First of all, BOM is the abbreviated form of : Bill Of Material. But what does it mean? According to any article in google search:
A bill of materials (BOM) is a centralized source of information used to manufacture a product. It is a list of the items needed to create a product. A bill of materials or product structure (BOM) is a list of the raw materials, sub-assemblies, intermediate assemblies, sub-components, parts, and the quantities of each needed to manufacture an end product.

In any Cad or Cam application when you click "Create BOM", it gives you a list of parts, components & sub assemblies used in that specific design.
I just made a simple assembly to show you how it is:

2024-04-05_11-11-12.jpg


The above BOM, shows an assembly that is made of two sub assemblies (items 1 & 2) and a single part (item 3).
The blue circles shows that the same part is used in both sub assemblies.

This is a real BOM. Having that in your mind, would you please explain :
  1. What does tblBoms means in your database? It's a table just giving BOM1, Bom2, BOM3. I don't see it as a BOM. Because a BOM is a list not a name. Do you mean that tblBoms is a table that keeps the name of all Top Assemblies? If so, as you know better, a top assembly is a product too. Isn't it? If it's a product, does it mean you have 2 tables for products? (tblParts and tblBoms). I don't see BOM1 etc in your tblParts? Why assemblies or sub assemblies are not in your product (part) table? (I'm not arguing. I'm just trying to understand the rules to follow your solution.)

  2. How does a generic part is different with a discrete part? A company manufactures a lot of parts. Some of them are used in different assemblies. Just imagine a company that manufactures cars. The car is the top assembly. This company manufactures an O-Ring and this O-Ring may be used in different sub assemblies. It's used in carburetor, Fuel pipes, transmission box etc. The same washer may have been almost in all sub assemblies in a car. A bolt, a screw, a pipe, a gear ...... they have used in many sub assemblies.
    So what makes a generic part different with a discreet part in your application? Can you give a real world explanation? For example in this assembly, this is generic, this is discreet.
can you give an example how a specific physical part can be a member of multiple assemblies?
Your car uses the same brake pad for front and rear brakes. But since the structure of the body that holds the pads are different, they design two different brake house.

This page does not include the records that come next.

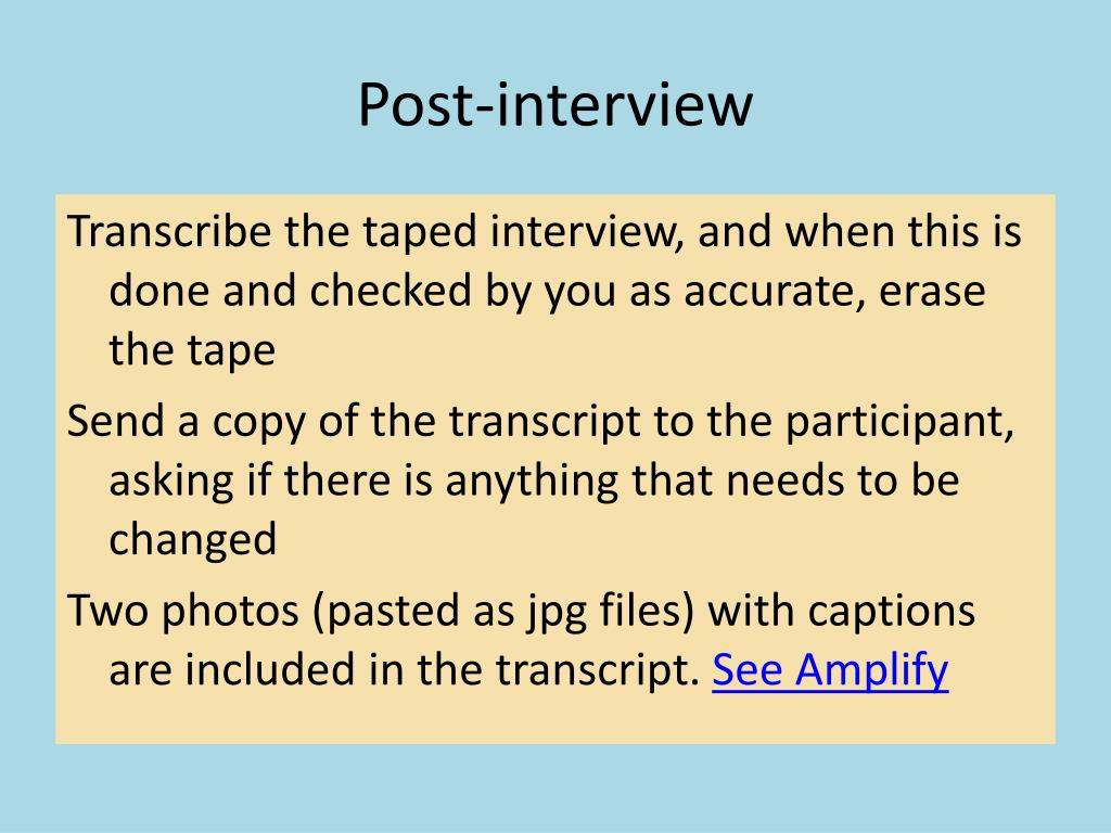 Post-interview Transcribe the taped interview, and when this is done and checked by you as accurate, erase the tape Send a copy of the transcript to the participant, asking if there is anything that needs to be changed Two photos (pasted as jpg files) with captions are included in the transcript. See Amplify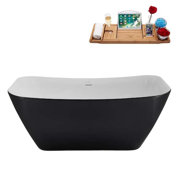59 in. x 31 in. Acrylic Freestanding Soaking Bathtub in Glossy Black with Polished Gold Drain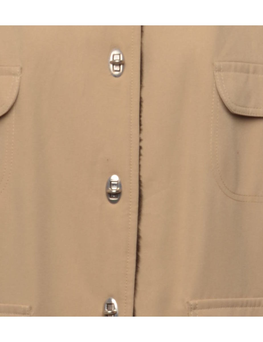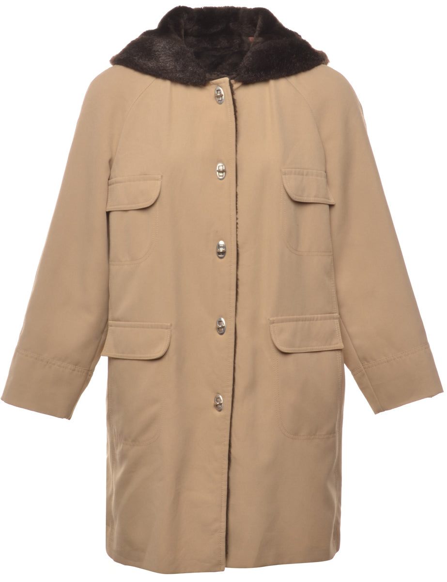 Hooded coat comes in beige & brown with faux fur lining and multiple pockets.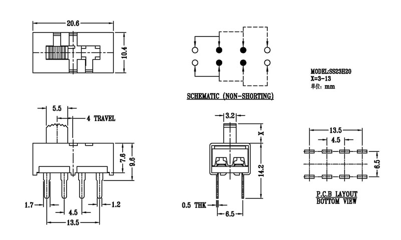 微型撥動開關技術參數: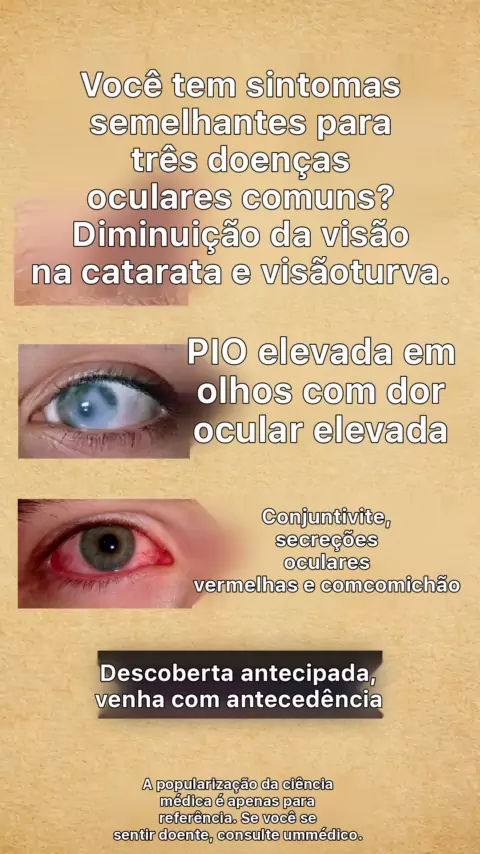 Você tem sintomas semelhantes para as três doenças oculares comuns? # Catarata # Glaucoma # Conjuntivite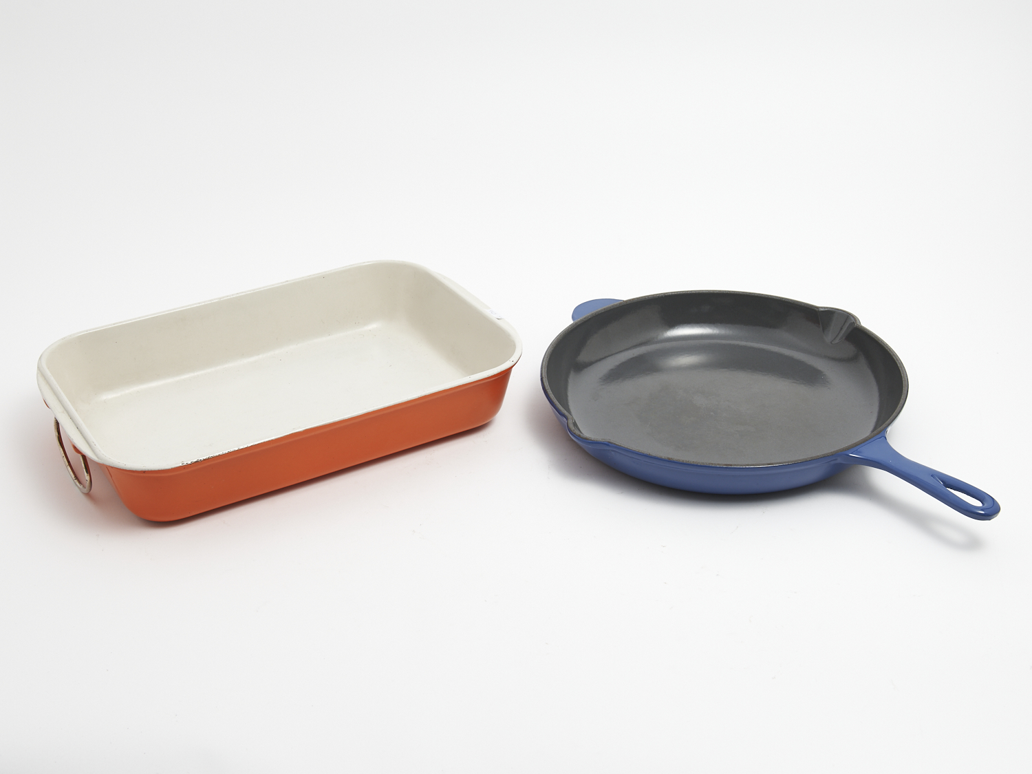 A FRENCH LE CRUESET BLUE AND ORANGE ENAMEL FRYPAN AND BAKING DISH DIA.31CM (PAN), LEONARD JOEL LOCAL DELIVERY SIZE: SMALL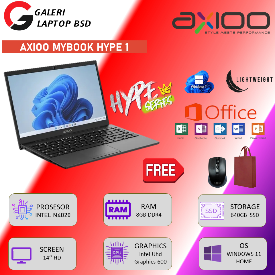 Laptop Sekolah Murah Axioo Mybook Hype 1 Intel N4020 RAM 8GB 256GB SSD Garansi Resmi
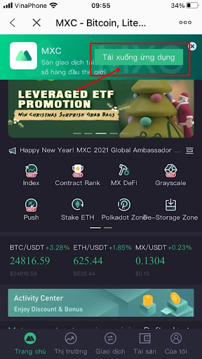 Chọn app MXC trên “App store” nếu bạn sử dụng iphone hệ điều hành IOS, hoặc “Local Download” hệ điều hành Android về điện thoại của mình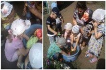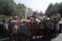 Педагоги группы «Ромашка» (Русанова Н.К., Малюткина В.В.) продолжают знакомить детей с красивейшими местами родного города. Сегодня они провели экскурсию к фонтану, расположенному на центральной площади города. Дети познакомились с историей его создания, полюбовались красотой цветущих рядом с фонтаном клумб и рабаток. Несмотря на то, что лето в этом году необычайно знойное, вся площадь благоухает разнообразием цветов - взрослые заботятся о внешнем облике города, ухаживают за зелеными насаждениями. Дети с большим удовольствием поиграли с бьющими струйками воды. Вернувшись с экскурсии, ребята играли с водой уже на участке детского сада.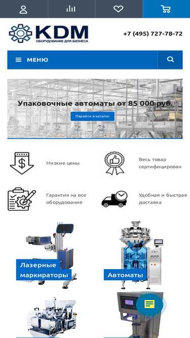 72%КДМ Трейдинг предлагает упаковочные автоматы вертикального типа для фасовки и упаковки продуктов в термосвариваемые пленки от 35 000 ₽. Фото, отзывы, гаранти. Доставка по Москве и России. Сделать заказ можно по телефону: +7 (495) 727-78-72.

So the same brake pad (a product or part) is used in two different sub assemblies (Front & rear BrakeS)

In above BOM image, KO-Boss-03 is a bush with a specific size. It's been used twice in two different sub assemblies. In a real world production environment, an organization tries to bring down the manufacturing cost by using the same product over and over in different sub assemblies.
Manufacturing a product with a mass quantity always is cheaper than manufacturing multiple parts with low quantity. If you dis-assemble the tower of your PC, you'll find the similar parts are used in different sub assemblies. My Dell Precision 7520 has used the same motor, for 3 different fan assemblies. CPU, Memory and GPU.
In a bike, the same screw can be used in many sub assemblies.
In general, the following parts will be used over and over in different subassemblies:
Bolts and screws. Bearings. Springs. Cables and wiring harnesses. Valves. Caskets and seals. Pumps and compressors. Hinges and Latches. Filters.....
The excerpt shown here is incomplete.